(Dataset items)
▼

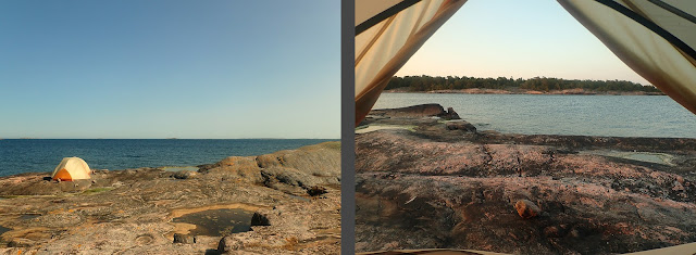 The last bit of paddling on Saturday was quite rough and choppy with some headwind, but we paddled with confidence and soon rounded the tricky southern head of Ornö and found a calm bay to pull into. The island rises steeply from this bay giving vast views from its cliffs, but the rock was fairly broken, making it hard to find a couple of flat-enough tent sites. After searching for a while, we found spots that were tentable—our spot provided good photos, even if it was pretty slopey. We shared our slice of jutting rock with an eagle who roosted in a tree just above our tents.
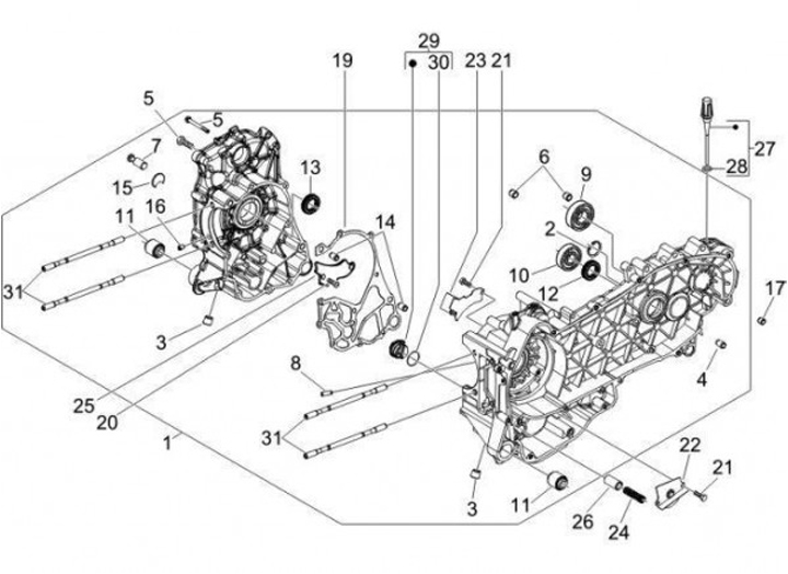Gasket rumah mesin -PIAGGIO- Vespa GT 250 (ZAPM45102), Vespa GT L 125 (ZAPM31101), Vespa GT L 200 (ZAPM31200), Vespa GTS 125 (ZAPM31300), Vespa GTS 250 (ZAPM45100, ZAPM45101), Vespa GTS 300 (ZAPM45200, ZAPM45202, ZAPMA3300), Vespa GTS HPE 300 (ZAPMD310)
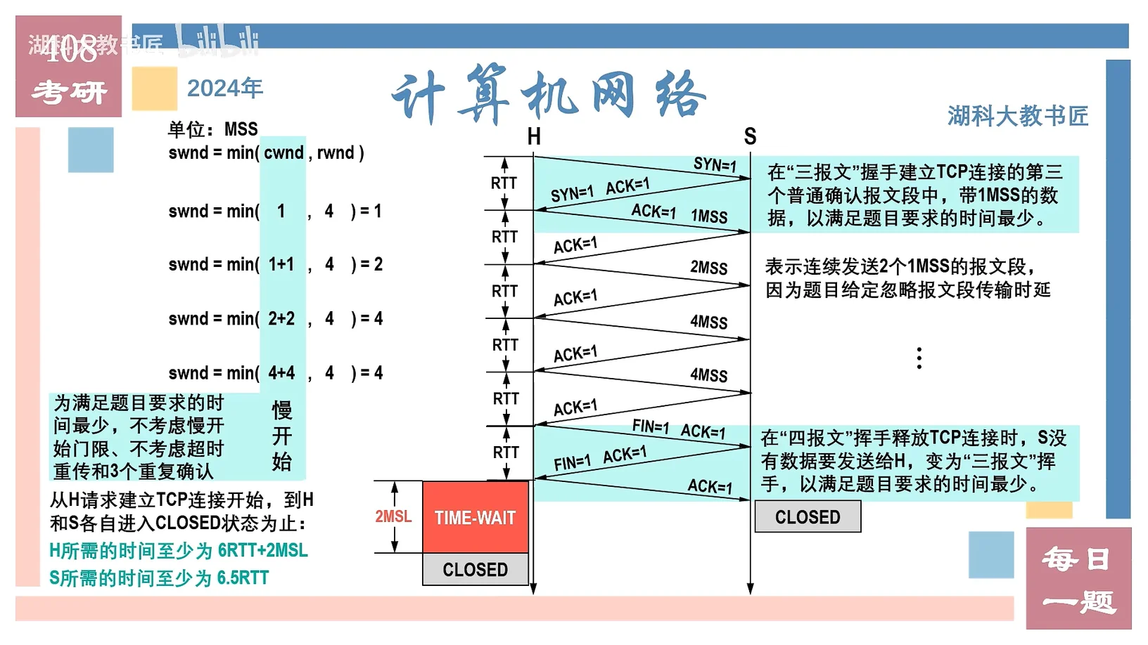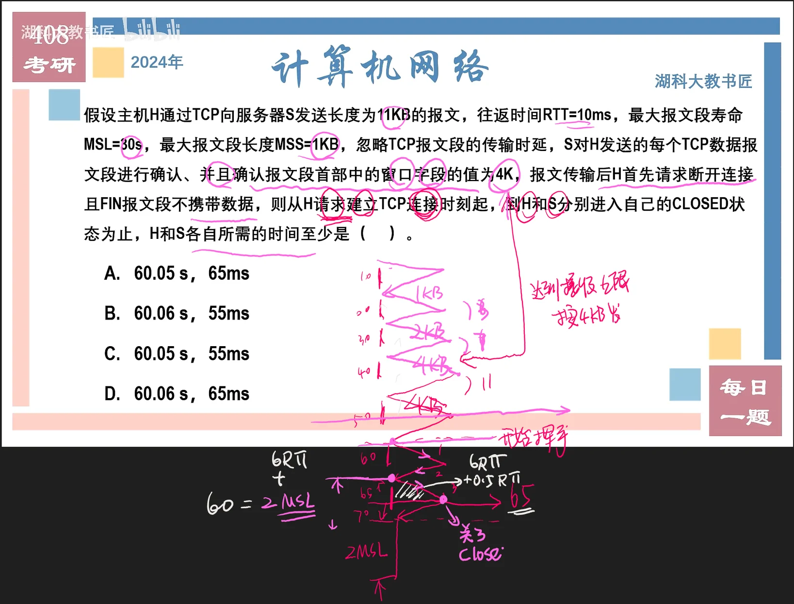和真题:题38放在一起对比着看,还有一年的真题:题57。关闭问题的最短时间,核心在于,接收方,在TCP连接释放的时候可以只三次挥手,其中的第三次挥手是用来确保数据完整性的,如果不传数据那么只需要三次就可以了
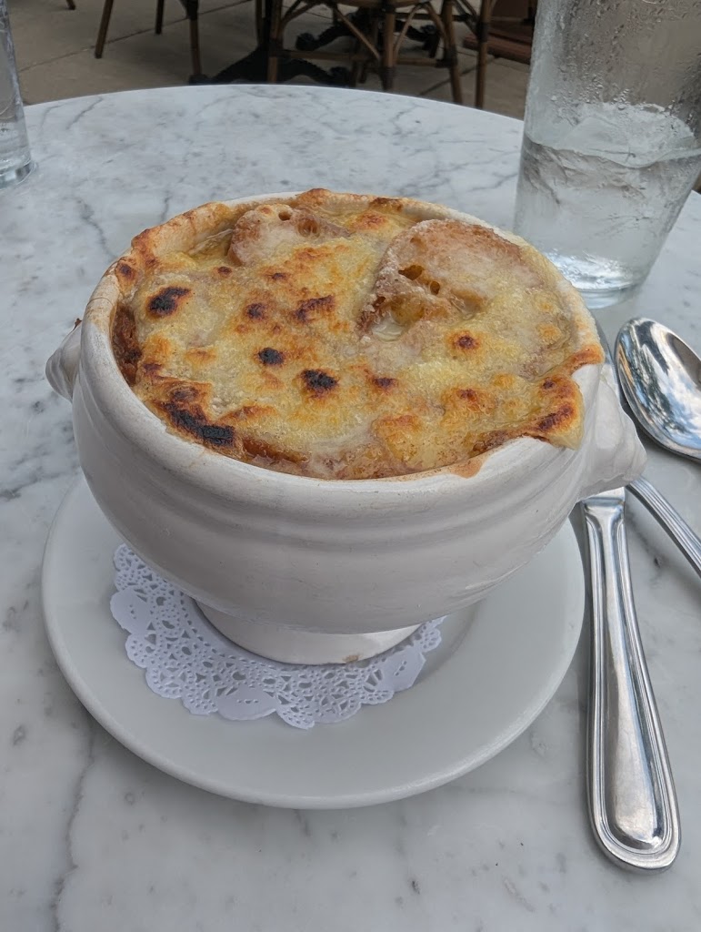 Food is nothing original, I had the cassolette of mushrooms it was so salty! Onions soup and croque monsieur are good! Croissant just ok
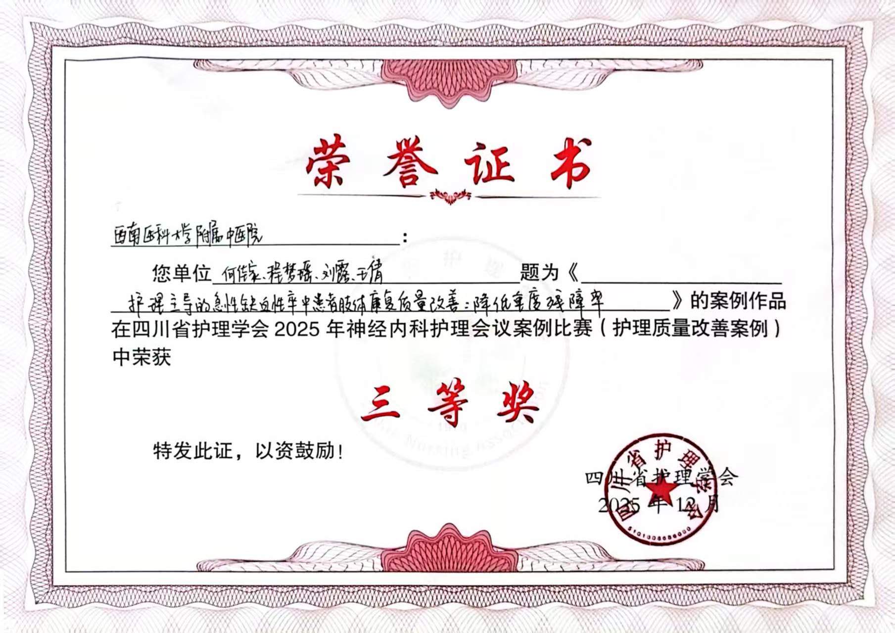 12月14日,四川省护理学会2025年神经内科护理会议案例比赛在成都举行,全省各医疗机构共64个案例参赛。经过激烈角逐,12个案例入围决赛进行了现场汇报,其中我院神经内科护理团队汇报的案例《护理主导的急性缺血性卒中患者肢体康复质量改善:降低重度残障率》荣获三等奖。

▲

- _WHAT IS EXPECTED_
Write out exactly the lines that run from the one containing "Food is nothing" to the last line of the entries above, both ends kept, pictures left out.

- _EXERCISE RESPONSE_
 Food is nothing original, I had the cassolette of mushrooms it was so salty! Onions soup and croque monsieur are good! Croissant just ok
 12月14日,四川省护理学会2025年神经内科护理会议案例比赛在成都举行,全省各医疗机构共64个案例参赛。经过激烈角逐,12个案例入围决赛进行了现场汇报,其中我院神经内科护理团队汇报的案例《护理主导的急性缺血性卒中患者肢体康复质量改善:降低重度残障率》荣获三等奖。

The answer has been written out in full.